» **Information**:
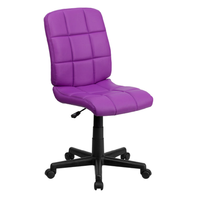 The Flash Furniture GO-1691-1-PUR-GG Swivel Task Chair 34"-38-3/4" Adjustable Height is a versatile seating solution engineered for diverse professional environments. Featuring a mid-back design and a quilted covering, this chair combines comfort with a contemporary aesthetic. The contoured seat and back are crafted with CA117 fire retardant foam, providing both safety and ergonomic support. With a robust weight capacity of 250 lb., it accommodates a wide range of users. Its purple vinyl upholstery adds a vibrant touch, making it suitable for creative spaces. The chair's heavy-duty black nylon base ensures stability, while dual wheel casters offer seamless mobility across different flooring types. The height adjustability between 34" to 38-3/4" allows personalization to suit various desk heights and user preferences. Notably, this chair is armless, promoting an unrestricted range of motion, which is particularly advantageous in dynamic workplace settings. The product requires assembly, and in-stock items generally ship within 24 hours, providing a quick solution for immediate seating needs. This task chair presents a compelling blend of functionality, style, and safety, making it an excellent choice for offices, home workstations, and other professional settings that demand reliable and stylish furniture.
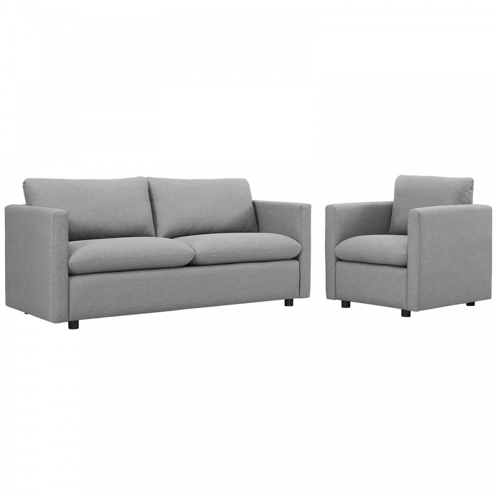 Activate Upholstered Fabric Sofa and Armchair Set, Light Gray
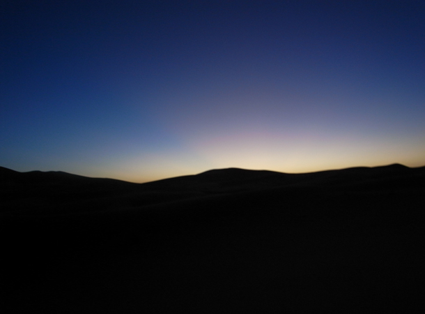 砂丘が手前のはずなのに砂丘よりも空が近くに見えたり。まるでジェームス・タレルの世界。彼の作品はまさにこの瞬間を再現しているようにも思える。
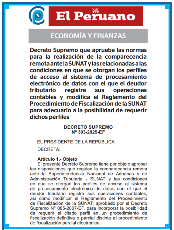 El 17 de diciembre de 2025 se publicó el Decreto Supremo N.º 303-2025-EF, mediante el cual se aprueban las normas para la comparecencia remota ante la SUNAT y se regulan las condiciones en que el deudor tributario debe otorgar perfiles de acceso a su sistema contable, modificándose además el Reglamento del Procedimiento de Fiscalización.
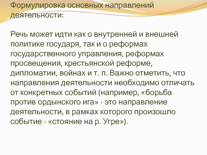 реформах просвещения, крестьянской реформе, дипломатии, войнах и т. п. Важно отметить, что направления деятельности необходимо отличать от конкретных событий (например, «борьба против ордынского ига» - это направление деятельности, в рамках которого произошло событие - «стояние на р. Угре»).
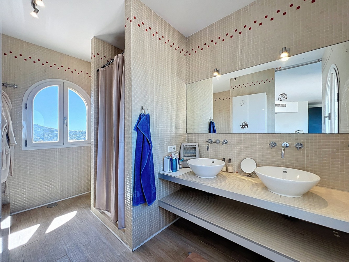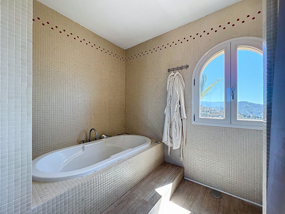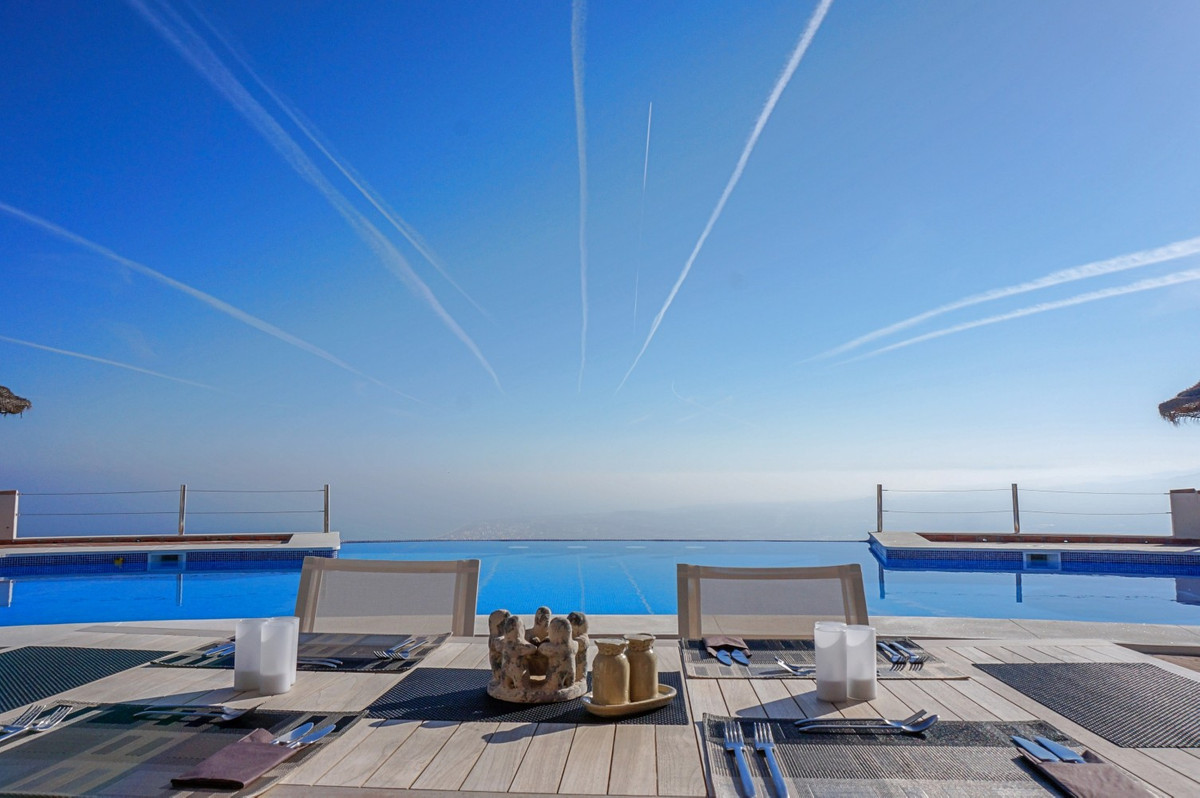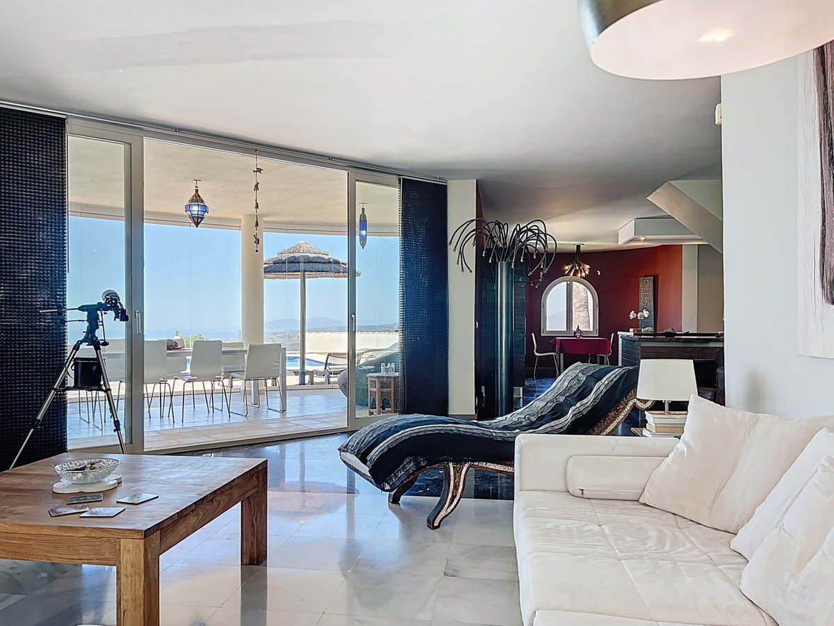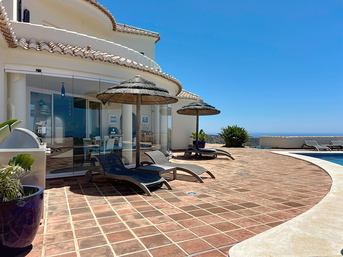 Imagine waking up each day to the soothing embrace of the Mediterranean in this exquisite villa. A true architectural masterpiece, this home offers an unparalleled lifestyle, seamlessly combining spacious interiors with awe-inspiring vistas that stretch all the way to the horizon. The living area welcomes you with an abundance of natural light, thanks to floor-to-ceiling sliding glass doors that perfectly frame the mesmerizing views of the azure sea. The open-plan design creates an ideal flow for both intimate gatherings and grand entertaining, blurring the lines between indoor luxury and outdoor paradise. For the culinary enthusiast, the gourmet kitchen is a dream come true, equipped with state-of-the-art appliances and ample space for creating memorable meals. Dine al fresco on the expansive terrace, where the gentle sea breeze enhances every moment. The lavish master suite, spanning 32.5 m2, offers a tranquil retreat with panoramic ocean views. Start your day in the spa-like bathroom, a true testament to luxury and comfort. The private balcony ideal for sipping morning coffee or enjoying an evening cocktail as you watch the sun dip into the sea.  At the outside, the terracotta-tiled outdoor terrace is your personal oasis. Bask in the warm Spanish sun, host unforgettable parties, or simply lose yourself in the mesmerizing views of the coastline. Beyond the beauty, this villa offers a rare opportunity for those looking to start a business, like a B&B. With 4 rentable rooms, each with its own bathroom and entrance, the property has already been successfully operated as a B&B, receiving only glowing reviews. In addition to the rental rooms, theres a private bedroom on the first floor with its own bathroom, and another bedroom with a bathroom in the basement. The fully equipped kitchen inside and the wonderful outdoor kitchen provide all the necessary amenities for running a successful business, while the large underground garage offers plenty of space for storage. Located in Algarrobo, Málaga, this property ensures easy access to world-class amenities, pristine beaches, and rich cultural experiences, all while offering the perfect setting to indulge in Mediterranean living. Whether you're looking for a luxury family home, a business opportunity, or simply a slice of paradise, this villa delivers on every front. This is more than just a home; its a lifestyle. Embrace the pinnacle of Mediterranean living in this extraordinary villayour dream of owning a piece of paradise is now within reach. Dont miss the chance to elevate your life to new heights of luxury, beauty, and opportunity. We are pleased to be able to present this dream property to you soon, either personally or via virtual viewing. Because this world, it is unique - just like our Axarquía. In Andalusia. On the Costa del Sol. Here, on the sunny side of life...
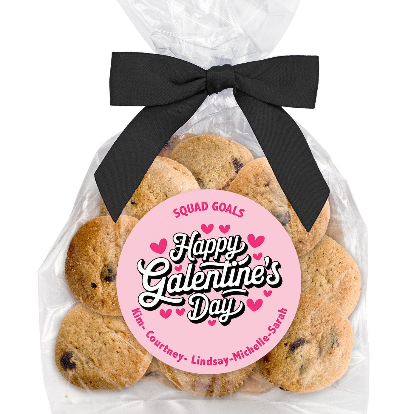 Happy Galentines Day - Bite-Sized Chocolate Chip Cookies (2 oz., approx. 14 cookies) W/ Full Color Custom Sticker & Ribbon
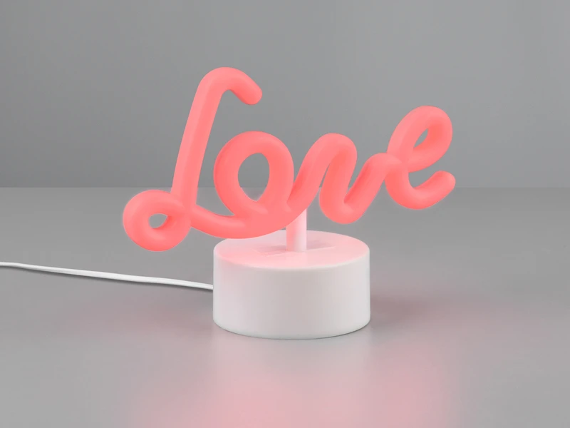 Das fest verbaute LED je Leuchte hat eine Leistung von 1 Watt lässt den Schriftzug in der Farbe Pink leuchten. Über den AN-AUS Schalter unter dem Leuchtensockel lassen sich die Dekoleuchten bequem schalten.
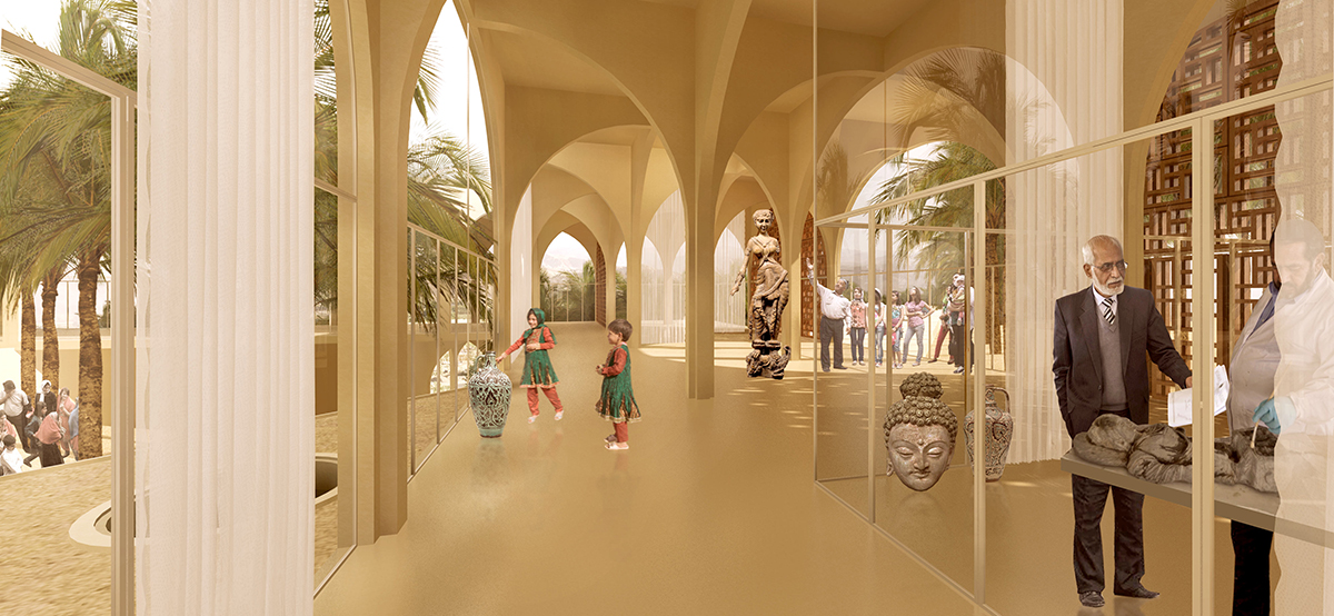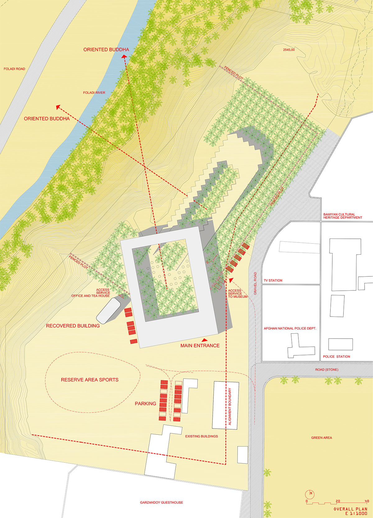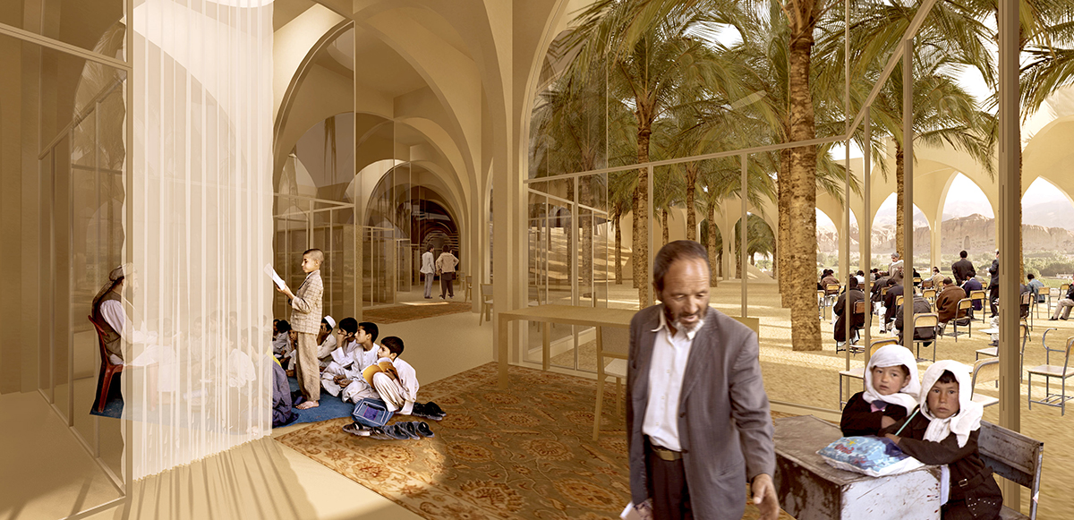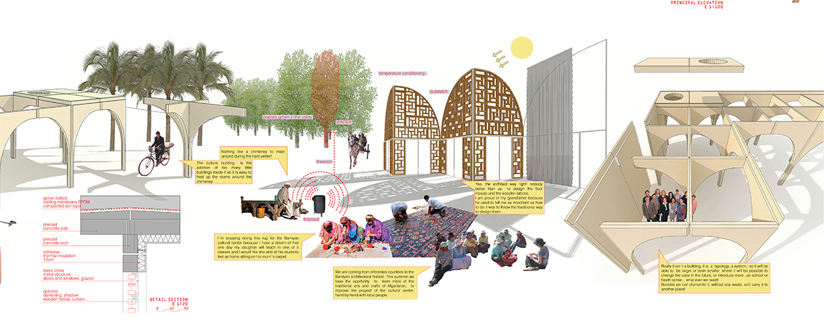 A palm tree that grows in the middle of the desert does not make an oasis; it needs a relationship with many more things to contribute to the environmental changes, to make a part of the desert a livable place. The oasis symbolizes the idea of salvation of those who wander lost in the desert, from the mythical Garden of Eden where man felt at one with nature. Bamiyan Cultural Centre is conceptualized as a small oasis in this desert, which like Afghanistan, has become devastated by strife. Symbolized by the construction of a garden, a place that fosters the coexistence of many beautiful Afghan palm trees, capable of overcoming the tough winter, resilient individualities; ethnics, cultural, of diverse traditions, in search of a communion of identities of which arise the renewed Afghan idiosyncrasy.
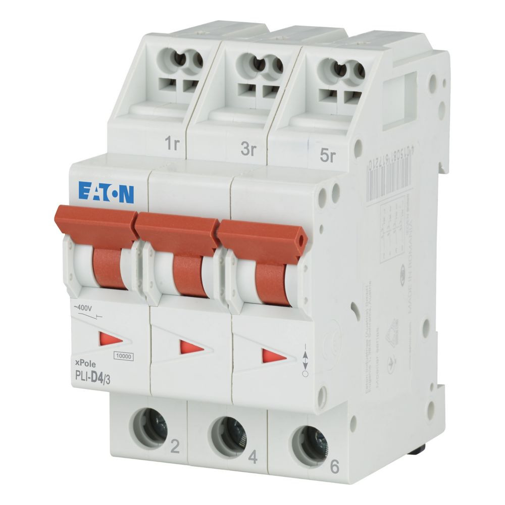 Leitungsschutzschalter, PLI, 3-polig, Auslösecharakteristik: D, Bemessungsstrom Ein: 4 A, Bemessungsschaltvermögen nach IEC/EN 60898-1: 10 kA, Schaltgeräte für den Wohnungsbereich und kommerzielle Anwendungen
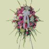 Arreglo de flores en tonos cremas, sobre trípode de fierro alto 2.10mts. aprox
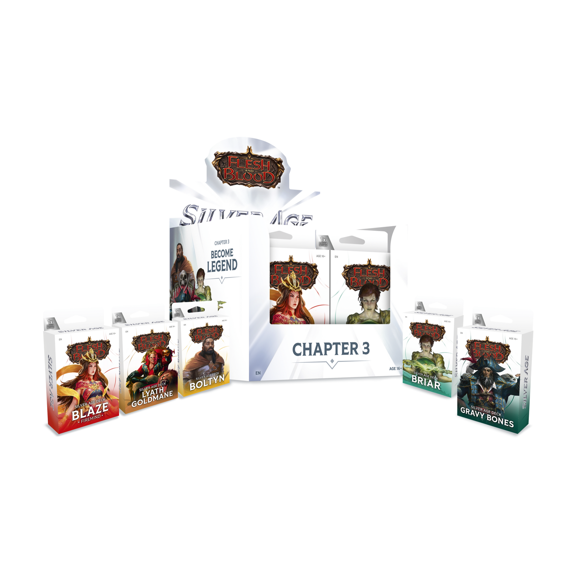Become a legend with Silver Age Chapter 3! Silver Age is an entirely new, affordable way to play Flesh and Blood, using only common, rare, and basic cards alongside iconic young heroes. Games are fast, fun, and friendly on the wallet!

» **How to complete this task**: Using the records above, print exactly the lines between the ones containing "砂丘が手前のはずなのに砂丘よ" and "El 17 de diciembre", inclusive, and nothing else; no pictures.

» **Reply to the exercise**:
 砂丘が手前のはずなのに砂丘よりも空が近くに見えたり。まるでジェームス・タレルの世界。彼の作品はまさにこの瞬間を再現しているようにも思える。
 El 17 de diciembre de 2025 se publicó el Decreto Supremo N.º 303-2025-EF, mediante el cual se aprueban las normas para la comparecencia remota ante la SUNAT y se regulan las condiciones en que el deudor tributario debe otorgar perfiles de acceso a su sistema contable, modificándose además el Reglamento del Procedimiento de Fiscalización.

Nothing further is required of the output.